For the deeper architectural picture see docs/ARCHITECTURE.md.


Quick start (Docker)

# Clone + boot the full stack (engine + Postgres + Redis + ClamAV)
git clone https://github.com/printwithsynergy/lint-pdf.git
cd lint-pdf
docker compose up -d

# Wait for /ready to return 200
curl http://localhost:8000/ready
# {"status":"ok","database":"connected","redis":"connected"}

The compose stack is a single-node OSS deploy with Celery worker + beat + ClamAV sidecar. For production / HA topology see docs/DEPLOYMENT.md.


Quick start (Python)

# 3.11+ required
pip install lintpdf

# Or pin to a specific git ref:
#   pip install "lintpdf @ git+https://github.com/printwithsynergy/lint-pdf.git@main"

# Minimum env (production refuses to boot without these)
export LINTPDF_SAAS_MODE=false
export LINTPDF_SECRET_KEY=$(openssl rand -hex 32)
export LINTPDF_DATABASE_URL=postgresql://user:pass@localhost/lintpdf
export LINTPDF_REDIS_URL=redis://localhost:6379/0

# Boot the API
uvicorn lintpdf.api.app:create_app --factory --host 0.0.0.0 --port 8000

A complete environment-variable reference and the OSS-mode hard fails (production secret key + CORS wildcard) live in docs/DEPLOYMENT.md.


Submit your first PDF

# 1. Submit
curl -X POST http://localhost:8000/api/v1/jobs \
  -F "file=@artwork.pdf" \
  -F "profile_id=lintpdf-default"
# { "job_id": "job_abc…", "status": "queued" }

# 2. Poll
curl http://localhost:8000/api/v1/jobs/job_abc…
# { "id": "job_abc…", "status": "completed", "verdict": "pass_with_warnings", … }

# 3. One-call snapshot (job + reports + annotations + verdicts)
curl http://localhost:8000/api/v1/jobs/job_abc…/state | jq .

The OSS engine boots without multi-tenant auth out of the box — see docs/DEPLOYMENT.md#auth-in-oss-mode to wire in your own auth (single-user, OIDC, basic auth, or a custom tenant resolver).


Documentation

Doc Covers
docs/ARCHITECTURE.md Component layout, request flow, the three-scope toggle cascade, snapshots, AI tier model.
docs/DEPLOYMENT.md Self-hosting reference: env vars, services, Docker / Railway / single-node, OSS-mode toggle, security gates, backups.
docs/EXTENDING.md Service overrides (email / entitlements / billing / auth) and analyzer plugin authoring quick reference.
docs/plugin-api.md Full plugin Protocol reference — manifest fields, AnalyzerContext, banned imports, capability providers.
docs/CONTRIBUTING.md Dev environment setup, test conventions, commit / PR style, the engine-purity tripwire.
docs/audit-phase1.md Engineering record of the Phase 1 plugin-protocol refactor (background reading).

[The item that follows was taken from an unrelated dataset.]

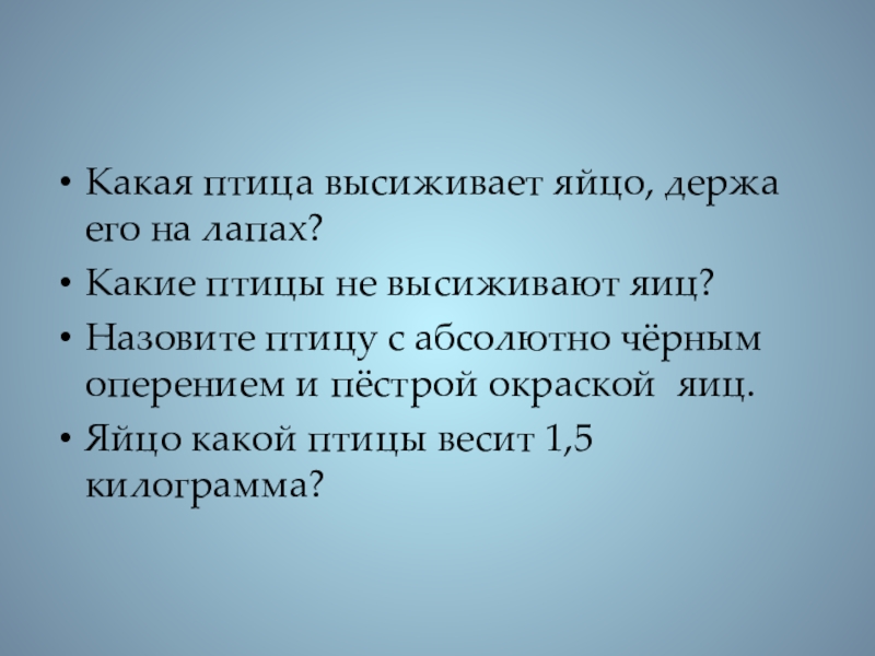 Слайд 8Какая птица высиживает яйцо, держа его на лапах?

The hosted product's customer-facing docs (workflows, rulesets, brand profiles, integrations) live at lintpdf.com/docs.


Licensing

LintPDF is licensed under the GNU Affero General Public License v3.0 or later (AGPL-3.0+).

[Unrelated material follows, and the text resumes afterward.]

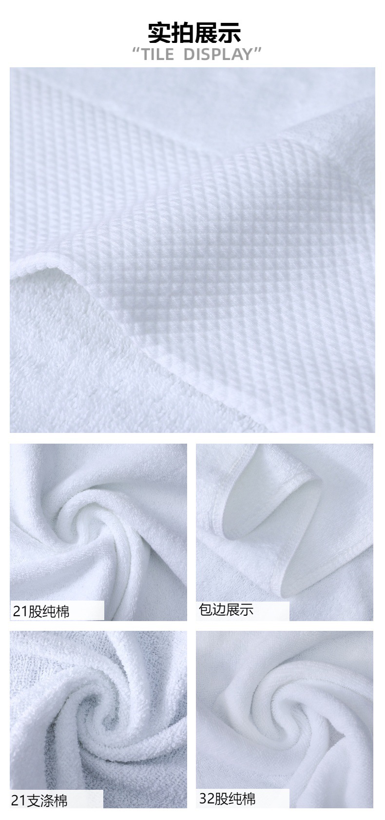 21 акция Importpure Cotton (сеть отелей, салон красоты); 32 нити хлопка Importpure (тоньше 21 нити); 16с спираль шерстяная полотняная (пятизвездочный отель); Спиральные волосы из платинового сатина 16s (пятизвездочный отель); Белое полотенце из полиэстера и хлопка, 21 шт.

What that means in practice:

  • Self-host for any use (commercial or otherwise) — no fee, no per-tenant cap, no notify-us clause. Run it on your own infra and ship reports to your customers.
  • Modifications must be made available under the same AGPL-3.0+ license to anyone who interacts with your modified version including over a network (this is the "A" in AGPL — the network-use trigger). If you patch the engine and run it as a hosted service, your patches are AGPL.
  • Commercial / proprietary use without disclosure — contact Think Neverland LLC about a commercial license. The hosted SaaS at lintpdf.com runs under such a commercial license arrangement with itself; the engine you're reading is the same code, just under different licensing terms when you pay for the hosted / embedded option.

Copyright © 2024–2026 Think Neverland LLC.

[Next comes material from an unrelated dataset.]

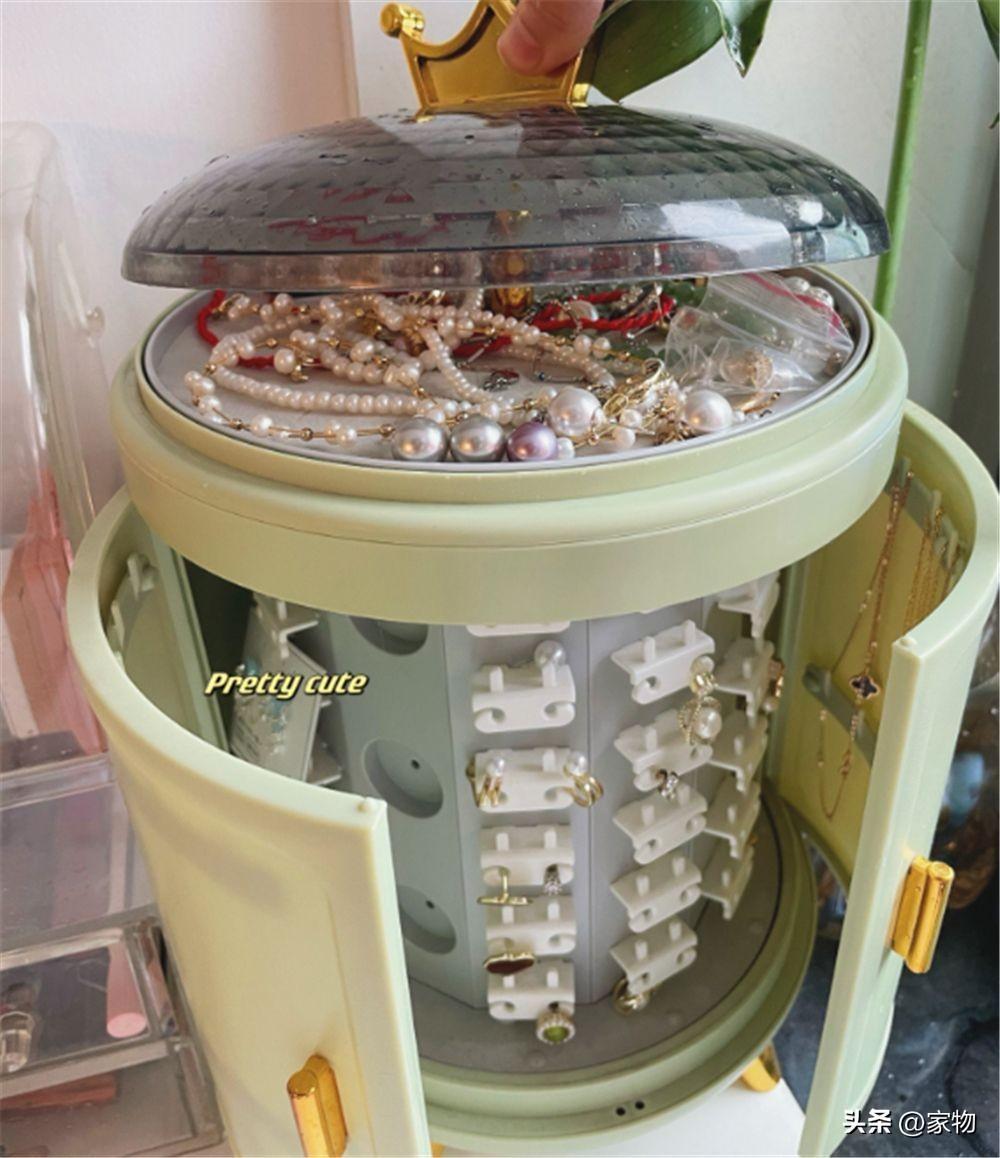 哦對了,剛纔忘說了,首飾收納,也是梳妝檯的重中之重,各種小件首飾真的特別容易顯亂,和化妝品收納盒一樣,將耳環、戒指、項鍊等小首飾都集中在一個收納盒裏,需要戴的時候拿出來也會方便不少。

Third-party dependencies retain their own licenses — see docs/CONTRIBUTING.md#third-party-licenses for the inventory.


Contributing

We accept patches via pull request. Before opening a PR:

  1. Read docs/CONTRIBUTING.md — covers the engine-purity tripwire (analyzers must not import tenant/billing/storage modules), the OpenAPI-description discipline (every Pydantic field needs description=…), and the test pyramid.
  2. Sign off your commits (git commit -s). LintPDF uses the Developer Certificate of Origin to track contributor licensing intent.
  3. Run the tripwires locally — bash scripts/check_engine_purity.sh and python scripts/check_openapi_descriptions.py — and the pytest suite (pytest --no-header).

For larger changes (a new analyzer category, schema migration, public-API addition) open a discussion issue first so we can align on shape before you write code.


Support

  • Hosted productlintpdf.com — fully managed, white-label, billing + admin included.
  • OSS issuesGitHub Issues for bug reports, feature requests, and security disclosures (mark security issues with the security label and we'll triage off-list).
  • Commercialdev@thinkneverland.com for commercial licenses, embedded deployments, or paid support contracts.

LintPDF is a Think Neverland LLC project, originally extracted from the production codebase of the hosted SaaS at lintpdf.com. The extraction itself is documented in docs/audit-phase1.md.

Project details


Download files

Download the file for your platform. If you're not sure which to choose, learn more about installing packages.

Source Distribution

lint_pdf-0.1.0b7.tar.gz (85.8 MB view details)

Uploaded Source

Built Distribution

If you're not sure about the file name format, learn more about wheel file names.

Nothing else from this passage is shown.